‘Wild Card’ drills create a winning hand
We always encourage our players to work on developing their skills. Many states have restrictive out-of-season coaching parameters. Without supervision or feedback, offseason skill development erodes into pickup games of 5-on-5 basketball.
“Wild Card Basketball” is a simple and effective way to get your players to work on skill development, communication, thinking skills and team development. We created a deck of cards, incorporating skills we wanted emphasized in 5-on-5 full- and half-court games.
Creation of “Wild Card” decks can be as simple as purchasing a package of lined index cards, or as elaborate as designing your own set of cards on a computer. The name of the drill or game is printed on one side of the card, while instructions are written on the back. Here are several examples of the cards we use to keep our players thinking team basketball during non-practice times.
The back of the card reads: “5-on-5, full-court game. No score is kept. All players on the team must score. After all 5 players score, the next point wins. In essence, a sudden-victory situation.”
The rationale behind this game is to get everybody involved with scoring. Your players look for teammates, making the extra pass and helping others get open. It also facilitates communication on offense and defense. Your players need to yell things such as “Who still needs to score?” and “We have to stop Suzie, she hasn’t scored yet!”
The back of the card reads: “5-on-5, full-court game played to seven points. When a team scores, they stay on offense by getting the ball out of the net and attacking the defense in the other direction.”
This is an excellent conditioner, and it develops tremendous offensive and defensive transition skills.
3, 5, 7
The back of the card reads: “5-on-5, full-court game played to nine points. One point is awarded for all baskets, including 3-point shots. Teams may score from any area on the floor, however, on points 3, 5 and 7, the baskets must be 3-pointers. A team may score from inside the arc, but the score does not accumulate beyond 2, 4 and 6 until a 3-pointer is made.”
This game puts pressure on all players and increases defensive responsibility by forcing teams to extend their defense to the arc.
The back of the card reads: “5-on-5, full-court game played to nine points. Teams may dribble without restriction if they are in transition. However, if a team is in a half-court situation, no one may dribble inside the 3-point arc.”
This game helps develop screening, scoring off the screen, and passing skills.
The back of the card reads: “5-on-5, full- or half-court game played to nine points. There are no restrictions on offensive play, except that before a team may score the ball must be entered to a post player.”
This drill improves post players’ passing skills (often overlooked) and forces teams to slow down, knowing they can’t score without a post entry.
The back of the card reads: “5-on-5, full-court game played to nine points. There are no restrictions. Each team has a player, who is selected as the golden child. All baskets are worth one point, however, the golden child’s baskets are worth two points.”

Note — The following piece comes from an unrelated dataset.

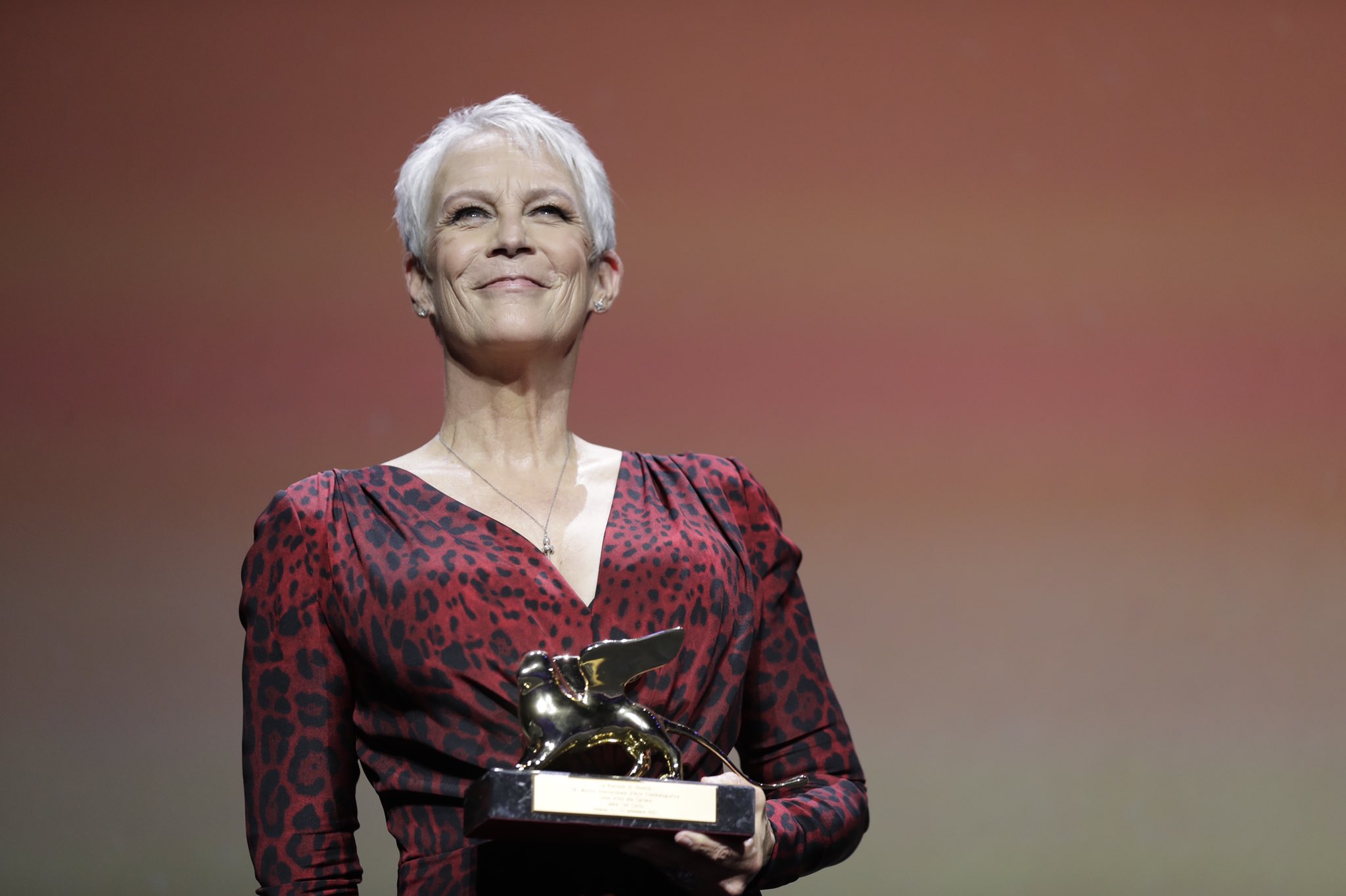 Figlia di due leggende, Tony Curtis e Janet Leigh, a Venezia si è mostrata  esattamente  come ci si attendeva:  anticonformista, brillante, fascino androgino e fisico da eterna pin-up.  L’intramontabile ricordo del suo celebre urlo nella doccia nel film «Psyco»  Jamie Lee Curtis le consente di  arrivare a piedi nudi, con le scarpe in mano “sfoggiando” con disinvoltura il suo taglio corto di un magnifico “sale e pepe” pronta a ricevere il Leone d’oro alla carriera  in attesa dell’uscita del  film «Halloween Kills» di David Gordon Green, che andrà nelle sale dal 21 ottobre.

Defensive integrity and intensity increases on an individual and a team basis as the “golden child” simulates that opponent who “must be stopped.”
The back of the card reads: “5-on-5, full- or half-court game played to nine points. All baskets are worth one point. All offensive entries must begin on the left.”
Lefty is a simple game but stresses the importance of utilizing both sides of the floor. Another added benefit is an increased comfort level of ball handlers working with their non-dominant hand.
The back of the card reads: “5-on-5, full-court game played to 13 points. All baskets are worth one point, as are ‘reward points’ for any skill a coach wants to emphasize.”
Our team tends to reward points for offensive and defensive rebounds, but deflections, hustle points (diving after loose balls etc.), or bank shots could also be eligible for reward points.